Extreme Weather Events Dashboard
During the summer of 2023, I worked as a data science intern at ClimateAi, a company dedicated to assisting businesses and organizations in formulating long-term climate resilience strategies through various AI-based services.
I built a comprehensive extreme weather events dashboard, which contains various key attributes (e.g., type of extreme weather events, location, time, crops impacted, quantitative impact) of heatwaves, droughts, hurricanes, and other kinds of extreme weather events happening worldwide.
There are four main components in the end-to-end pipeline: Web Scraping ⇒ Article Filtering ⇒ Information Extraction ⇒ Creating the Dashboard.
Stage 1 - Web Scraping
- This stage is to scrape publicly available articles from the internet.
- Data Source: 80,000+ articles (e.g., United Nations).
- Tech Stack: BeautifulSoap and Selenium.
Stage 2 - Article Filtering
- This stage is to filter out the irrelevant articles.
- Article Filtering Approaches
- Approach 1 - Stemming and Keywords Matching
- Approach 2 - Directly Use Pretrained NLP Models
- Approach 3 - Sentence Embedding & Similarity [Preferred]
- Accuracy - 95%
Stage 3 - Information Extraction
- This stage leverages OpenAI LLMs API and prompt engineering to extract the key attributes from the structured textual data into relatively structured insights.

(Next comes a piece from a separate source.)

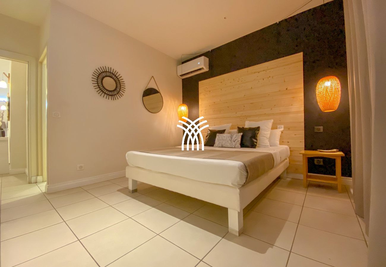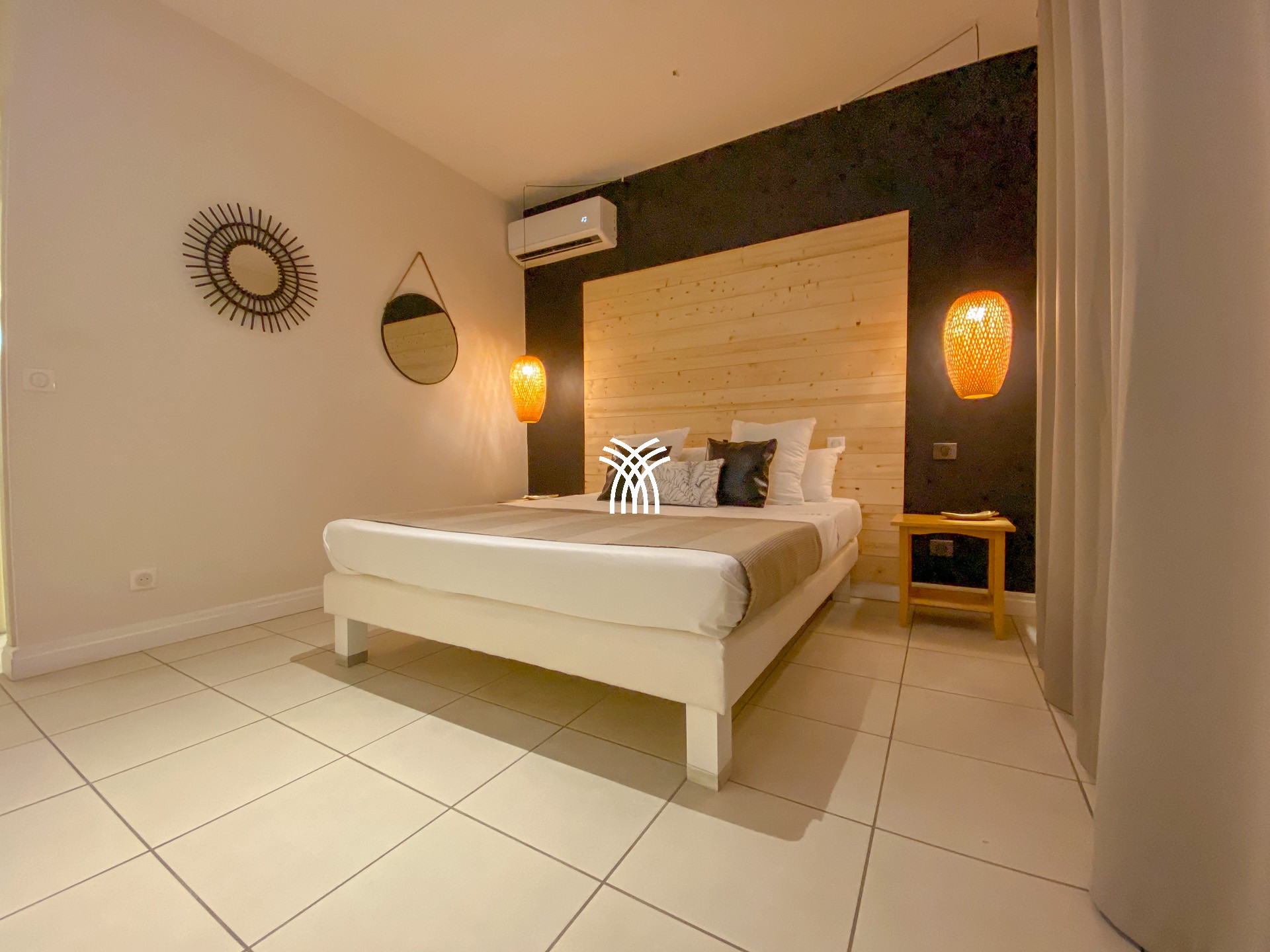 Located on the edge of the lagoon of St-François in a secured residence, villa Boubou Guadeloupe is a charming villa less than 15 meters from the beach, accessible through the private pontoon. Woith a capacity of 10 people, this holiday home offers 4 beautiful bedrooms with their own bathroom and a mezzanine. The fully equipped American kitchen extends to the living room and terrace with a sound system, offering a magical view of the sea.

- OpenAI API - GPT-3.5-turbo
Stage 4 - Creating the Dashboard
- This stage is the final stage for the creation of the final dashboard, including concatenating the smaller dashboards from different data sources, cleaning & structuring the dashboard, and adding new features for better visualization (e.g., filters based on specific values of an attribute).